There was no significant interaction of group and motion restriction (P=.65, Figure C). Whether in CLBP participants or non-LBP participants, vertebral segments with motion restriction had higher mean BMD T scores than vertebral segments with no motion restriction (P=.05). There was also no significant interaction of group and tenderness (P=.70, Figure D) and no significant difference between vertebral segments with and without tenderness on mean BMD T score (P=.77). 

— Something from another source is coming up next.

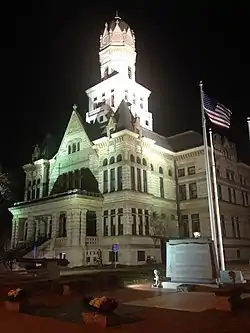 The Jersey County Courthouse, located on 201 W. Pearl Street in Jerseyville, is Jersey County, Illinois' county courthouse. Built in 1893–94, the 124 foot (37.8 meter) tall courthouse was the third used by the county since its formation in 1839. Architect Henry Elliott of Chicago and Jacksonville designed the building in the Romanesque Revival style. The building's design features a tall central tower topped by an octagonal cupola, terminal towers at the front corners, and a raised front porch. The building's limestone exterior, which is intricately decorated on the front face, uses stone quarried at the nearby city of Grafton. The Jersey County Illinois courthouse was the third courthouse designed by Mr Elliott who also designed the Greene County Courthouse (1891) in Carrollton, Illinois; Edgar County Courthouse (1891) in Paris, Illinois; DeWitt County Illinois Courthouse (1893) in Clinton, Illinois and Pike County Illinois Courthouse (1894) in Pittsfield. The DeWitt County Courthouse was demolished in 1987.[2]

When sex and BMI were included as covariates, the analysis still indicated a significant interaction between group and rotational asymmetry (P=.03). This analysis also showed that in non-LBP participants, vertebral segments with rotational asymmetry had higher mean BMD T scores than vertebral segments with no asymmetry. Furthermore, there was no significant interaction of group and motion restriction (P=.49), and vertebral segments with motion restriction still had higher mean BMD T scores than vertebral segments with no motion restriction (P=.02). 
Comment
The present pilot study examined the association of objective lumbar vertebral BMD variation to somatic dysfunction physical findings. Lumbar vertebral segments that demonstrated somatic dysfunction findings associated with biomechanical dysfunction (ie, positional asymmetry and motion restriction) had higher BMD T scores than segments with no biomechanical dysfunction. These findings were independent of the participant's back pain. Additionally, participants with CLBP had higher overall mean lumbar BMD T scores than participants with no LBP. The literature was reviewed for possible biomechanical and physiologic mechanisms that could explain these findings. 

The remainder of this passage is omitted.